The year’s jolliest season can also be the most dangerous. Cybercriminals don’t take holidays and are known to be more aggressive when people are thinking about Christmas, shopping, and eating.
Here’s Why ‘Tis The Most Vulnerable Time of The Year
In 2023, online holiday sales reached $222.1 billion in the US alone. The boost in sales around the holidays attracts threat actors who want to take advantage of the increase in online transactions. According to SIRP, ransomware attacks surged 30%, and phishing attacks increased 35% during the 2023 holiday season.
The spike in digital transactions and the rush to get things done create the perfect storm for cyberattacks. When people rush to finish the tasks on their long holiday to-do lists, it can be difficult to notice misspelled email addresses or weird characters in URLs. People also feel more generous this time of year, and cybercriminals exploit this willingness to share with fake charity campaigns.
Cybercriminals also know that most offices operate with a skeleton workforce during the holidays, especially around the Christmas break. As a result, IT teams are stretched thin, and experts may be on leave, making it take longer to respond to issues.
The 4 Most Common Holiday Season Cyberattacks
Here are the most common cyber threats that spike during the holiday period.
Holiday Phishing
Emails about fake promotions and those about a “special gift” mimicking popular brands abound during the holidays. These emails are peppered with URLs for pages that will harvest your PII (personally identifiable information).
Threat actors might also confuse you with an order confirmation email for something you did not buy and ask you to click a link to see details about the order. Also, be wary of that email with the year-end invoice attachment that uses an unusual file extension and many other types of holiday-focused mail fraud. It’s attempting to trick you into downloading a malicious file or sending money to a bogus bank account.
Typosquatting
Also known as URL hijacking, this is when cybercriminals register a common misspelling of an already established URL for a legitimate business. It becomes more effective this time of year as people are more distracted and often rush to get their shopping done, so they might misspell the URL or not bother to check the URL of the sites they visit. These bogus sites will steal payment information and other PII.
Christmas Smishing
That text message about a shipping update or those informing you that there was “an issue with your delivery” might be something you’d open right away if you recently ordered online, but it can be from someone who wants to steal your information. Authorities are warning against text scams that ask customers to “update delivery preferences” or schedule a “redelivery of a package” for a delayed delivery because of an incorrect address.

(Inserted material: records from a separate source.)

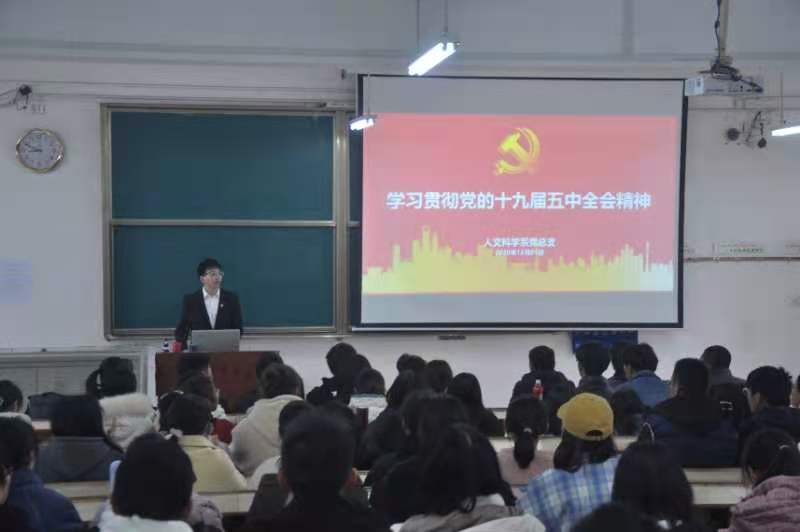 为了深入学习十九届五中全会精神,2020年12月01日下午14点人文科学系党总支组织2019、2020级全体学生学习党的十九届五中全会精神。人文科学系党总支书记李国鹏同志、人文科学系本科生支部牛英萍同志以及人文科学系团总支书记郭豪同志参加本次宣讲会。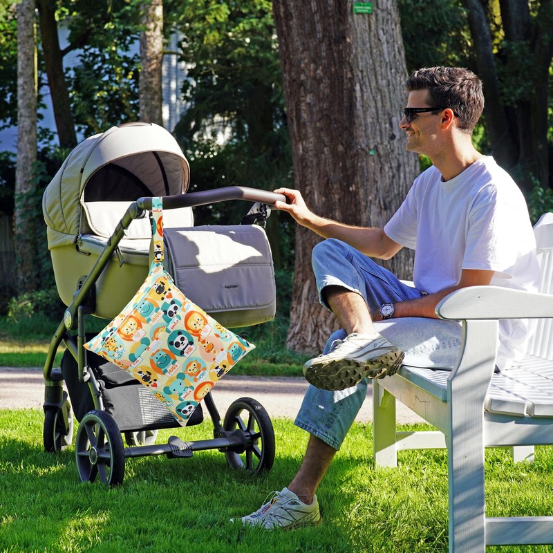 - Easy to carry: the press stud on the handle of the cloth nappy bag makes it easy to carry or hang the wet bag on the pram or clothes rail. Can be folded even when not in use and does not take up much space.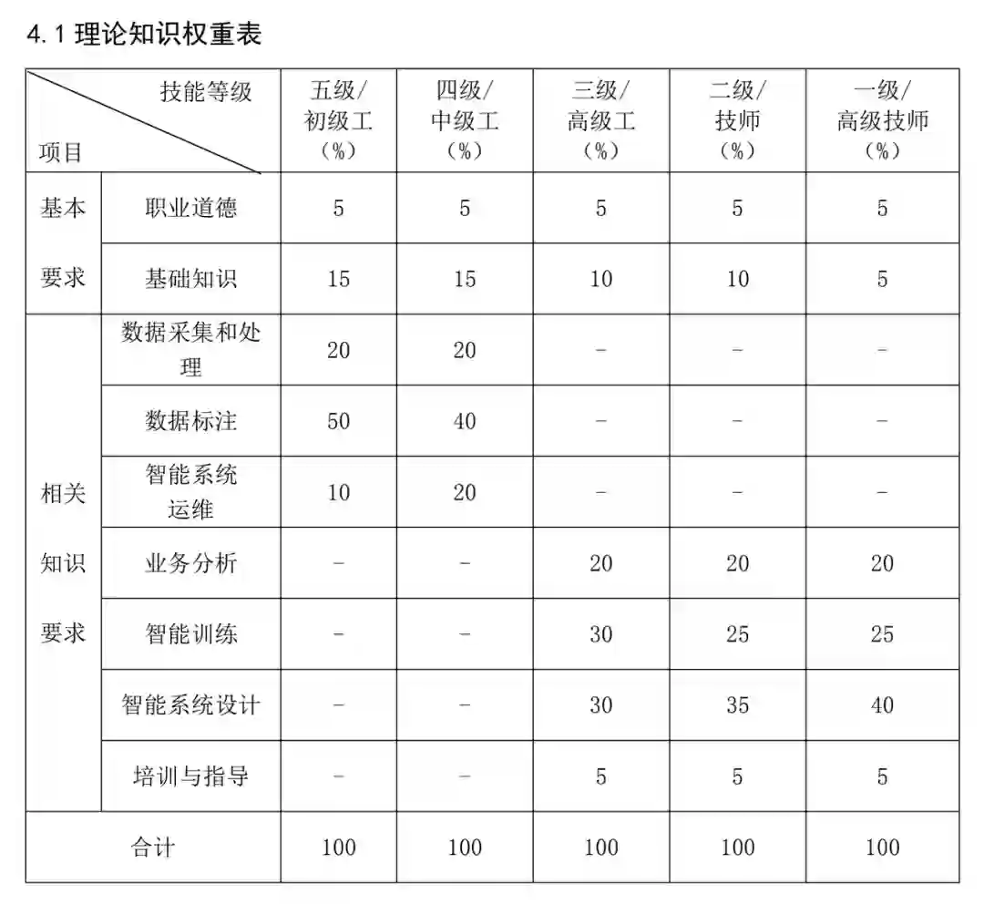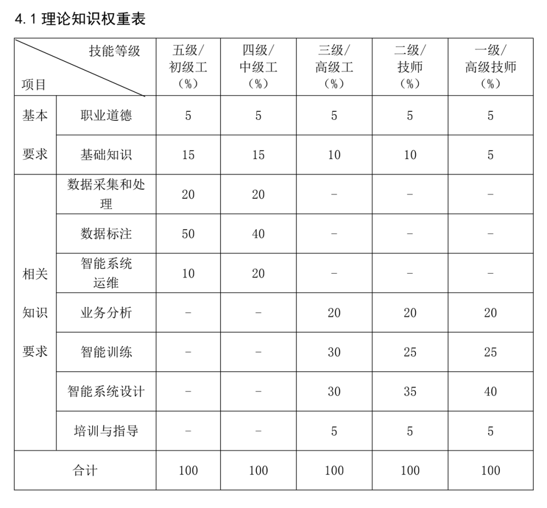 在理论知识考试中,不同技能等级在理论知识上的要求是不同的,五级和四级制涵盖「数据采集和处理」、「数据标注」、「智能系统运维」,三级及以上则涵盖「业务分析」、「智能训练」、「智能系统设计」、「培训与指导」。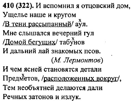 Причастие § 35. Причастный оборотУпр. 407 (319). Чуть слышится ручей, бегущий в сень дубравы, чуть дышит ветерок, уснувший на листах. Косой дождь, гонимый сильным ветром, лил как из ведра. Охотник устроился на большом камне, окружённом шумно плещущей, стремящейся по каменистому дну водой. Одинокий самолёт, плывущий на головокружительной высоте, кажется миноносцем, наблюдаемым со дна моря. Уже вечерело, солнце скрылось за небольшую осиновую рощу, лежавшую в полверсте от сада. Грянул гром — тучи дрогнули, охваченные синим огнём.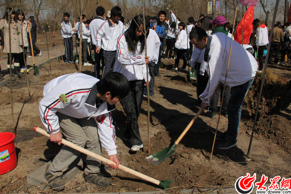 “開工嘍!”上午10點,在一片歡呼聲中,1萬多名愛心企業(yè)員工、學(xué)生和網(wǎng)友們,肩扛鐵鍬、手拎水桶開始了植樹活動!皝恚惴鲋鴺,我來挖土吧”網(wǎng)友李先生對只有12歲的兒子說,小家伙雖然沒有鐵鍬高,仍然堅持要自己挖土,“這樣種下的樹才屬于我的!” 在植樹現(xiàn)場,記者注意到,很多網(wǎng)友每種下一棵樹都會在樹杈上掛上一張“心”型許愿卡,“再過幾個月我們就要各奔東西了,希望這棵樹能載著我們的友誼茁壯成長”來自山東英才學(xué)院的大學(xué)生張曉說。中午12點,根據(jù)安排,植樹活動本應(yīng)結(jié)束,但是不少網(wǎng)友仍不顧疲憊還要多種一棵樹,濟(jì)南市民孫先生是自己開車帶著老婆、兒子過來的,“我們一共種了八棵樹”,孫先生說,這次參加植樹活動他們做足了準(zhǔn)備,還帶了午飯,“權(quán)當(dāng)是野外聚餐了”,吃完午飯,他們準(zhǔn)備把八棵樹苗再挨個澆一遍水。據(jù)統(tǒng)計,截止下午1點,1萬名網(wǎng)友共同種下了玉蘭、柳樹等共計2萬多株。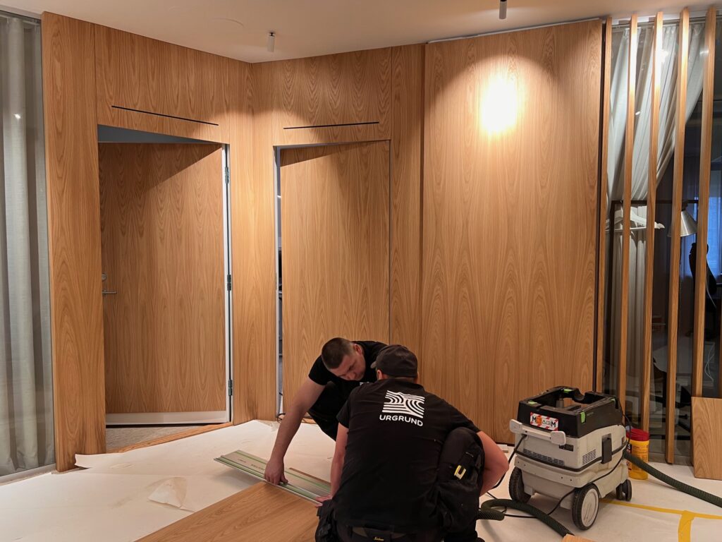 Kontorsrenovering Stureplan – Ekfanér, sisselmatta och hårdvaxolja.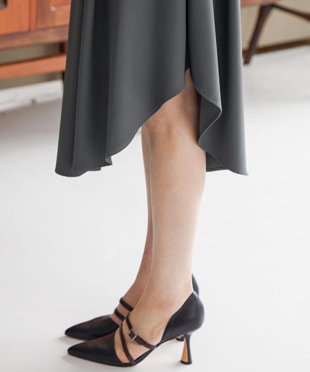 タックの入ったイレギュラーな裾デザインのスカートが美しいドレープ感を生み出し、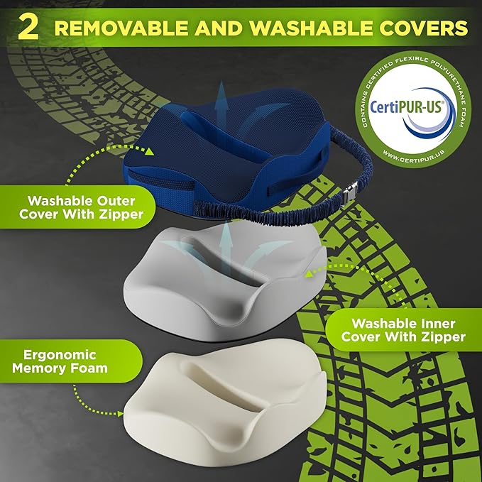 • ๐Ÿงตใ€๐“๐จ๐ฎ๐ ๐ก ๐„๐ง๐จ๐ฎ๐ ๐ก ๐Ÿ๐จ๐ซ ๐‹๐จ๐ง๐  ๐’๐ญ๐ซ๐ž๐ญ๐œ๐ก๐ž๐ฌใ€‘- Truck driver seat cushion includes 2 removable & washable covers, non-skid base, and adjustable straps for a secure fit. Crafted to withstand wear & tear of long hauls.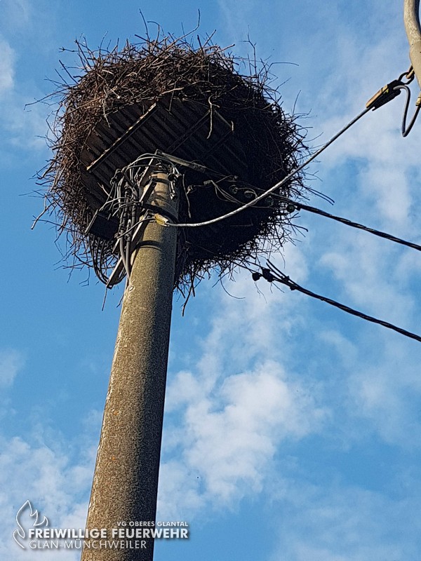 Telefonisch wurden wir über eine starke Rauchentwicklung und Funkenflug an einem Strommast mit Storchennest in Rehweiler informiert. Aktuell, zum Zeitpunkt des Anrufes, wäre jedoch nichts mehr zu sehen gewesen. Die Einsatzstelle wurde im Augenschein genommen und es konnte ein Schaden an der Freileitung gesichtet werden. Das Storchennest wurde durch den Kurzschluss nicht in Mitleidenschaft gezogen. Der zuständige Energieversorger wurde verständigt und die Einsatzstelle an ihn übergeben.

Holiday DDoS and Ransomware Attacks
Distributed denial-of-service (DDoS) is also common around this time of year. High traffic volume puts a strain on networks, and attackers take advantage by flooding the server with even more web traffic, making it unavailable to customers.
Some may be done by a competitor trying to shut down another business and drive more customers to their site. Others are by cybercriminals installing ransomware on servers, essentially taking the operations hostage to force the business to pay. It could cost the business millions and damage customers’ trust.
At other times, hackers have knocked gaming networks like Xbox Live offline on Christmas Day just to mess with people unwrapping shiny new consoles. Unfortunately, when a business is targeted with ransomware, there is little you can do.
How You Can Protect Yourself
The first thing you need to do is slow down and pay attention. Criminals will try to distract you because they know you are juggling multiple things around this time of the year. Check before you open emails, click links, and visit websites. Hovering over email links will help you see the URL at the bottom left of your browser before you click. If the email link doesn’t look right, don’t open the link. Next, check the characters in that URL. A misspelled company name or a weird character added in there might mean this is not the legitimate business site you want to transact with. Check the sender’s email address, too.
Before ordering from an online business, read reviews and check conversations in forums, as some victims will often post about their experience to warn others. Before giving your payment information, ensure the site is safe and legit. Furthermore, receiving order status updates not linked to a specific order or order number indicates a general smishing message sent to numerous people.
Finally, an urgent call to action or threatening language in an email or text urging you to click or call a number immediately creates a sense of urgency designed to make you act before you think. Double-check by calling the company directly.